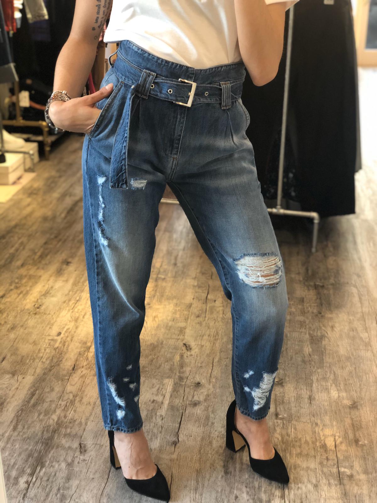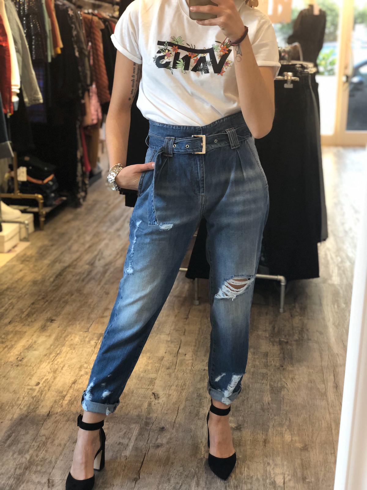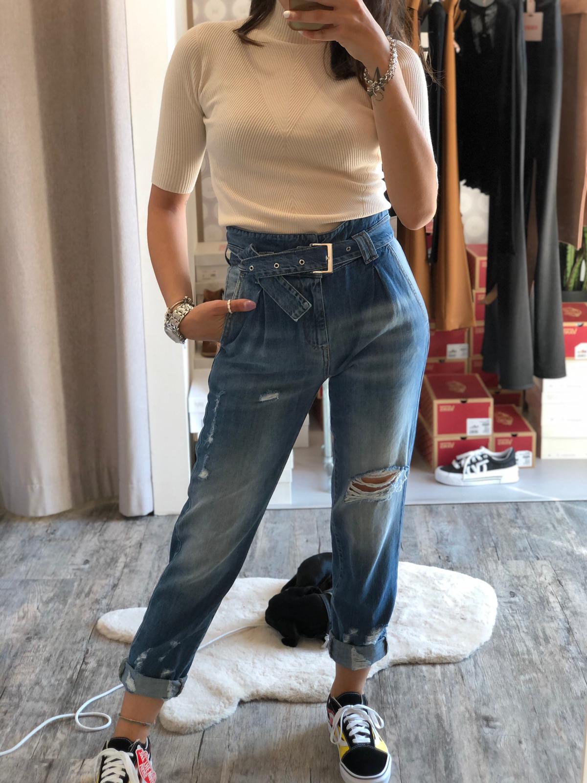 Jeans in 100% cotone taglio morbido e gamba dritta, vita molto alta con cinta in denim su denim bassa per effetto vita leggermente avvitata, vestibilità regolare
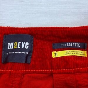 Maeve by Anthropologie red corduroy wide leg pants. The corduroy fabric offers a textured look and feel. The wide leg silhouette provides a relaxed and comfortable fit.
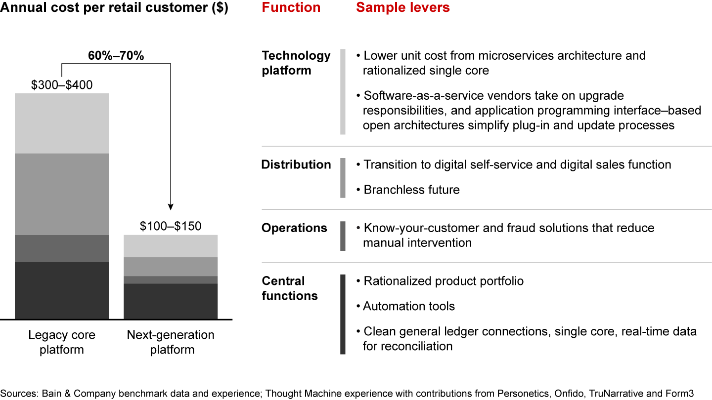 Moreover, lower operating costs flow from having a modern, cloud-native technology platform. Analysis by Bain and Thought Machine finds that a digital attacker launched on such a platform could have a cost base that is 60% to 70% lower than a mid-tier legacy bank (see Figure 2). Bain’s comparison of four attackers with four major incumbents shows that attackers serve two to three times as many customers per employee.
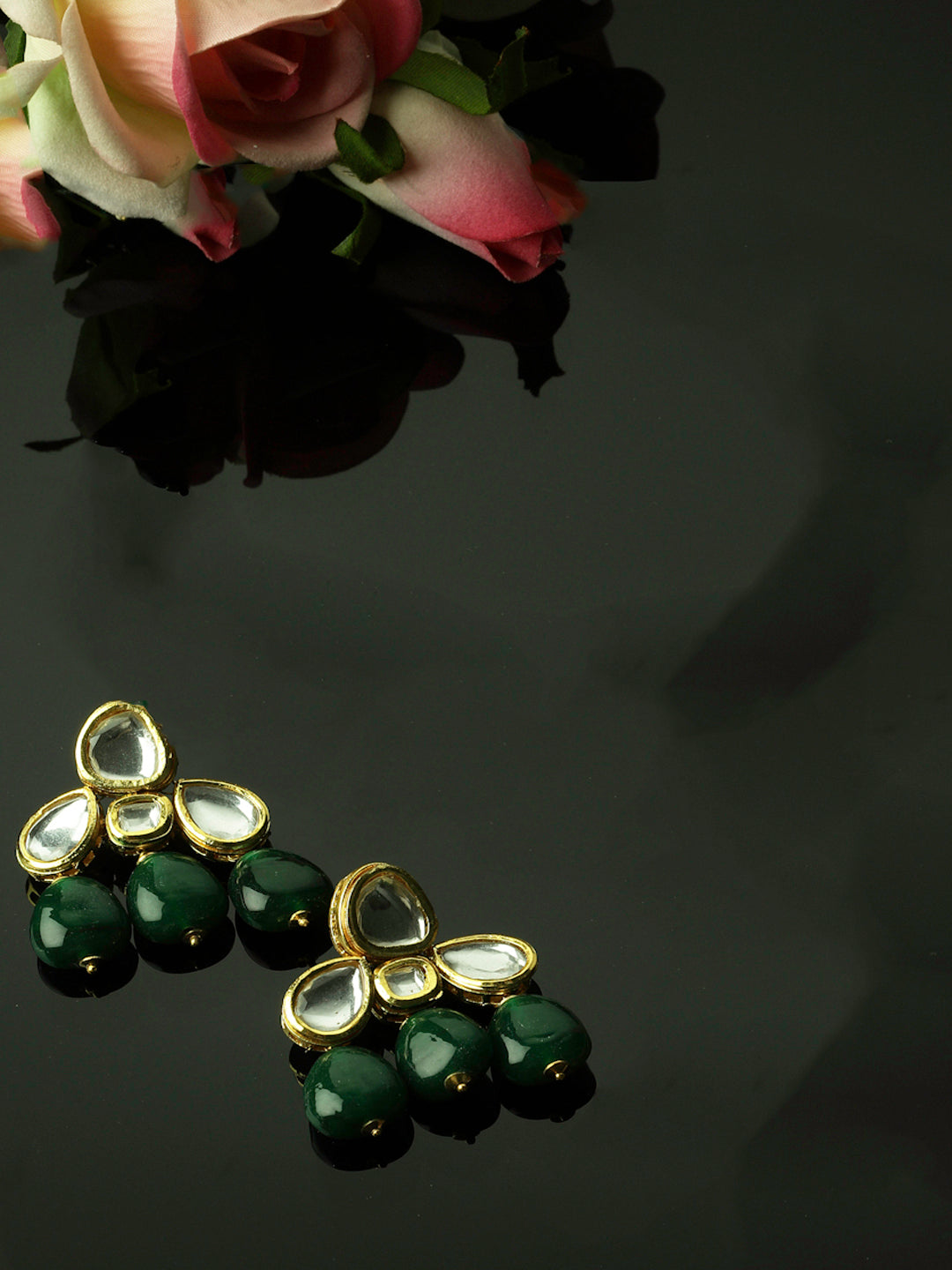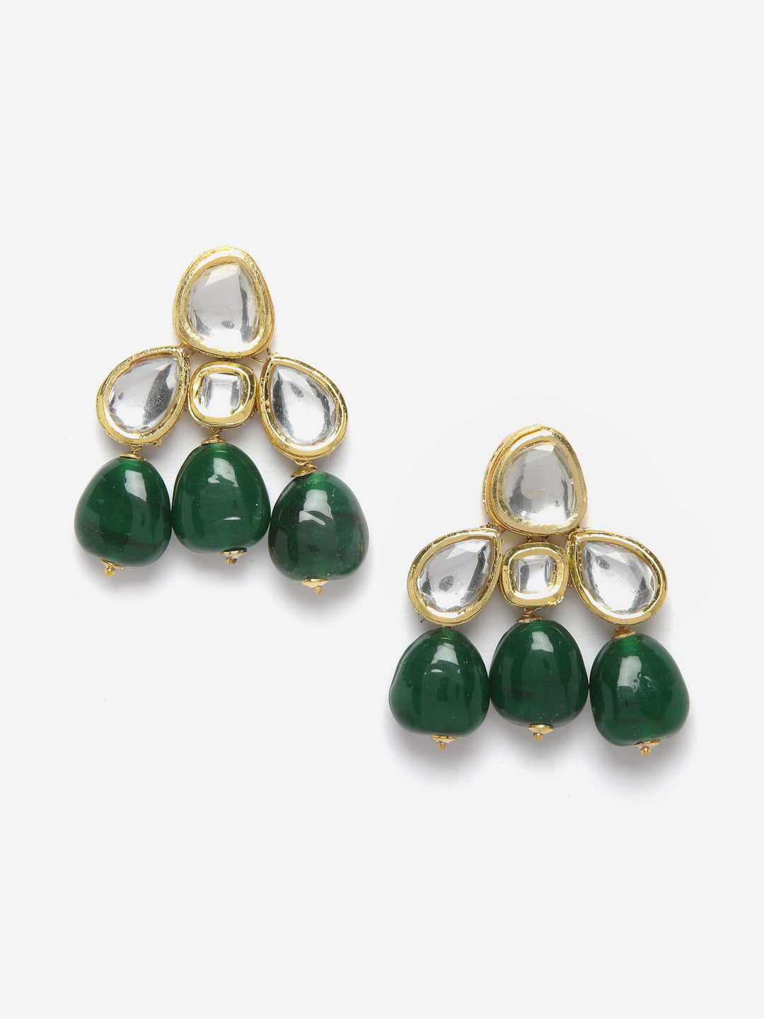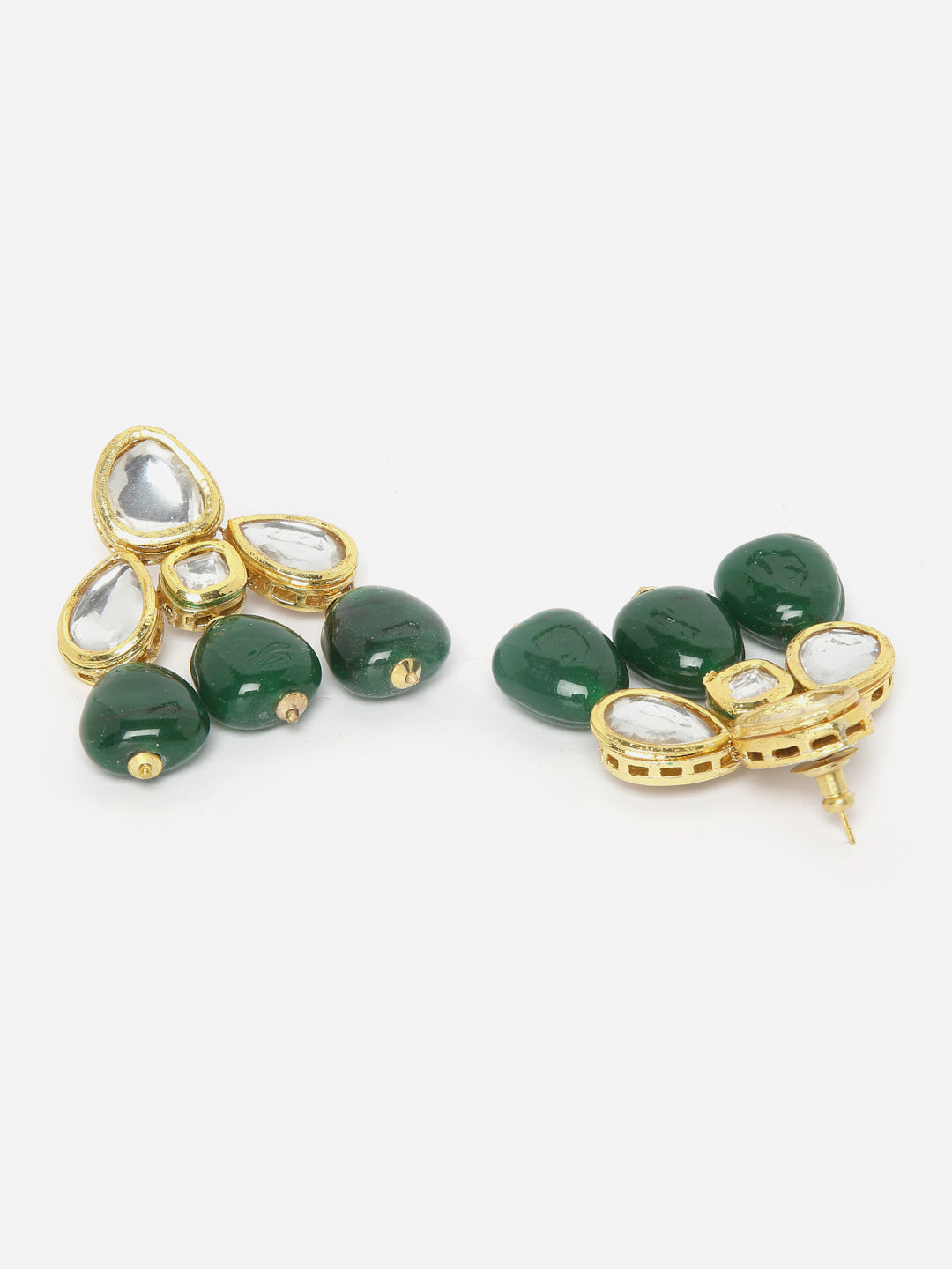 Kundan Earing With Emerld Stone; Category Of Jewellery Is Earring; Sub Category Is Drop; Ideal For Women; Color Is Green, Gold, White, Cream; Gemstones Used - Kundan, Pearls, Natural Stones, Faux Emerald; Plating Is Gold-Plated; Base Metal Is Alloy; Other Material Used - Closure Stopper; Size Is Freesize; Adjustable - No; Weight Is 30 Gms; Mesaurements - Length Of Earring= 5.2 Cm; Width Of Earring =4.2 Cm; Adjustable - No; Content 1 Pair Earring
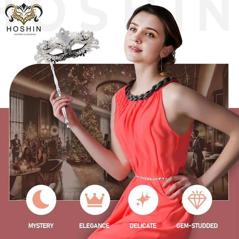 Hoshin Masquerade Mask with Stick, Mardi Gras Deecorations Venetian Masks for Womens (Silver & Black)
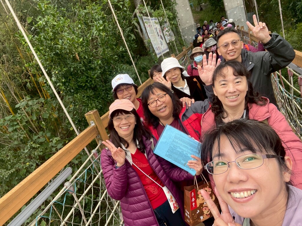 隨後,一行人踏上細茅埔吊橋。這座橫跨水面的吊橋,雖然微微搖晃,卻增添了旅程的趣味性。夥伴們互相扶持、彼此提醒,並在橋上留下許多歡快的合影。有志工分享:「走在吊橋上,大家相互照應的感覺,就像我們在學校裡共同守護孩子一樣,充滿了力量和溫暖。」這段路程,不僅是親近自然,更是志工夥伴間情感的連結與鞏固。

※ ※ ※

> _Work item_
Reproduce the whole listing above word for word, but not its pictures.

> _Written solution_
 Jeans in 100% cotone taglio morbido e gamba dritta, vita molto alta con cinta in denim su denim bassa per effetto vita leggermente avvitata, vestibilità regolare
 Maeve by Anthropologie red corduroy wide leg pants. The corduroy fabric offers a textured look and feel. The wide leg silhouette provides a relaxed and comfortable fit.
 Moreover, lower operating costs flow from having a modern, cloud-native technology platform. Analysis by Bain and Thought Machine finds that a digital attacker launched on such a platform could have a cost base that is 60% to 70% lower than a mid-tier legacy bank (see Figure 2). Bain’s comparison of four attackers with four major incumbents shows that attackers serve two to three times as many customers per employee.
 Kundan Earing With Emerld Stone; Category Of Jewellery Is Earring; Sub Category Is Drop; Ideal For Women; Color Is Green, Gold, White, Cream; Gemstones Used - Kundan, Pearls, Natural Stones, Faux Emerald; Plating Is Gold-Plated; Base Metal Is Alloy; Other Material Used - Closure Stopper; Size Is Freesize; Adjustable - No; Weight Is 30 Gms; Mesaurements - Length Of Earring= 5.2 Cm; Width Of Earring =4.2 Cm; Adjustable - No; Content 1 Pair Earring
 Hoshin Masquerade Mask with Stick, Mardi Gras Deecorations Venetian Masks for Womens (Silver & Black)
 隨後,一行人踏上細茅埔吊橋。這座橫跨水面的吊橋,雖然微微搖晃,卻增添了旅程的趣味性。夥伴們互相扶持、彼此提醒,並在橋上留下許多歡快的合影。有志工分享:「走在吊橋上,大家相互照應的感覺,就像我們在學校裡共同守護孩子一樣,充滿了力量和溫暖。」這段路程,不僅是親近自然,更是志工夥伴間情感的連結與鞏固。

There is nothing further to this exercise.